TO DO - For this exercise, output exactly the lines from the opening line of the listing through the line with "冰冻三尺非一日之寒,所以法宝", skipping pictures.

THE DATA -
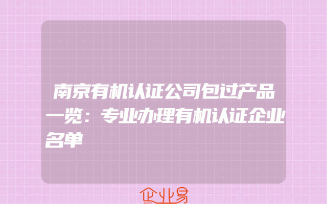 - 南京有机认证公司包过产品一览:专业办理有机认证企业名单
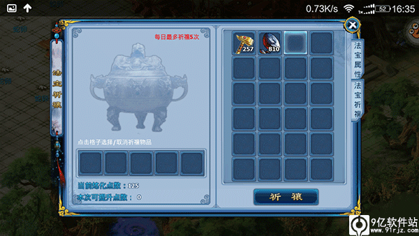 冰冻三尺非一日之寒,所以法宝牛掰也非获得就牛掰了,和天命系统一样,需要升级,才可以实现实力的飙升,这就需要每日祷告,每日祷告五次,获得提升点,现阶段除了系统开始送的石头可以吃掉获得1W提升值以外,就靠消耗玄铁和锤子,来获得点数。所以别再发愁锤子和玄铁占包裹,应该呐喊锤子和玄铁砸死我吧。
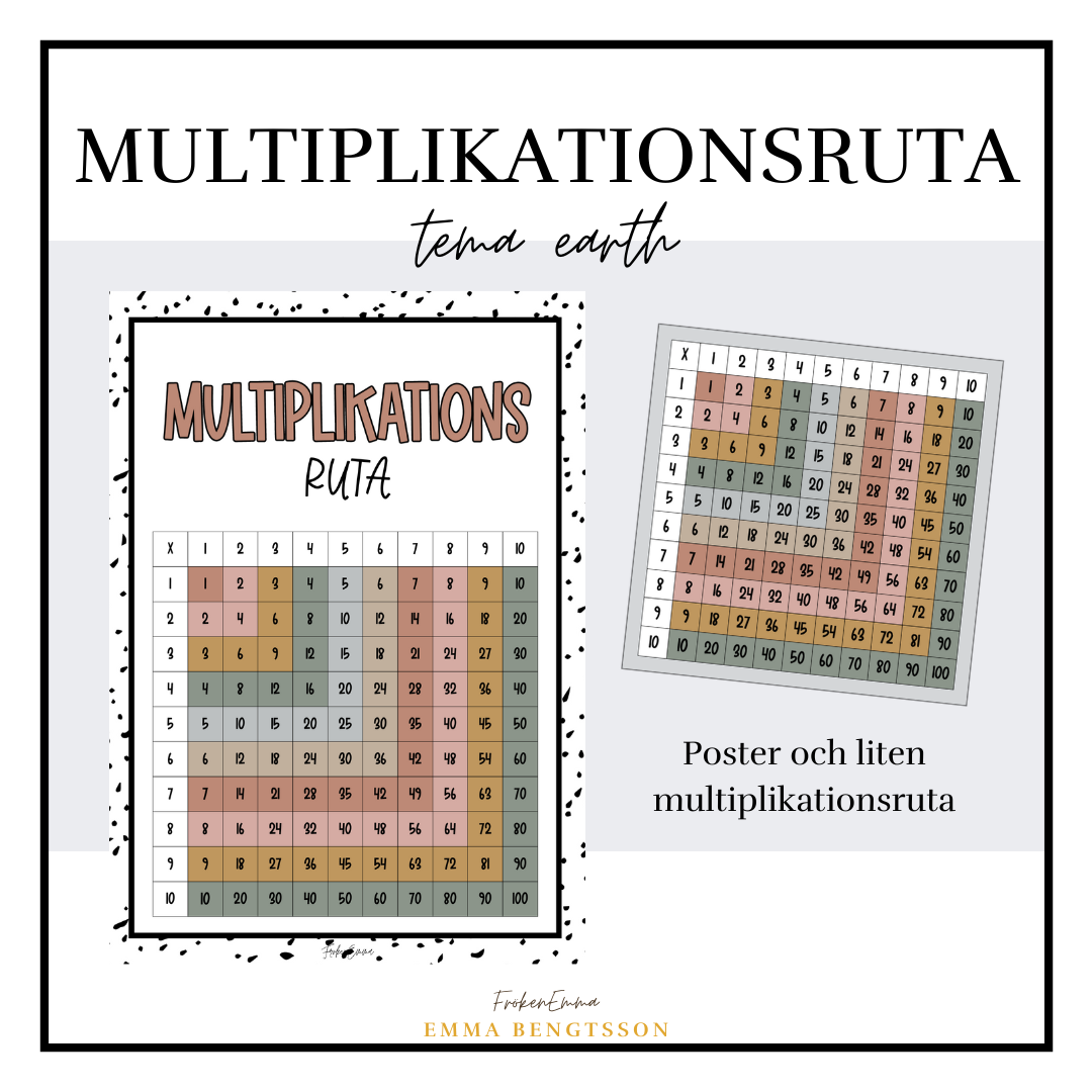 En multiplikationsruta som passar att sätta upp i klassrummet (skriv ut i a3) samt en mindre som eleven kan använda som stöd vid sig under sitt arbete (skriv ut i a4). Jordnära tema.
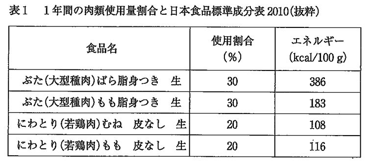 【問】施設Aは、社員の昼食に複数定食を提供している特定給食施設である。施設の食品群別荷重平均成分表を利用して食品構成と栄養出納表を作成している。表1は、施設Aにおける1年間の肉類使用量割合とそれに対応する日本食品標準成分表2010の可食部100g当たりのエネルギー量である。

FINISHED EXERCISE -
 - 南京有机认证公司包过产品一览:专业办理有机认证企业名单
 冰冻三尺非一日之寒,所以法宝牛掰也非获得就牛掰了,和天命系统一样,需要升级,才可以实现实力的飙升,这就需要每日祷告,每日祷告五次,获得提升点,现阶段除了系统开始送的石头可以吃掉获得1W提升值以外,就靠消耗玄铁和锤子,来获得点数。所以别再发愁锤子和玄铁占包裹,应该呐喊锤子和玄铁砸死我吧。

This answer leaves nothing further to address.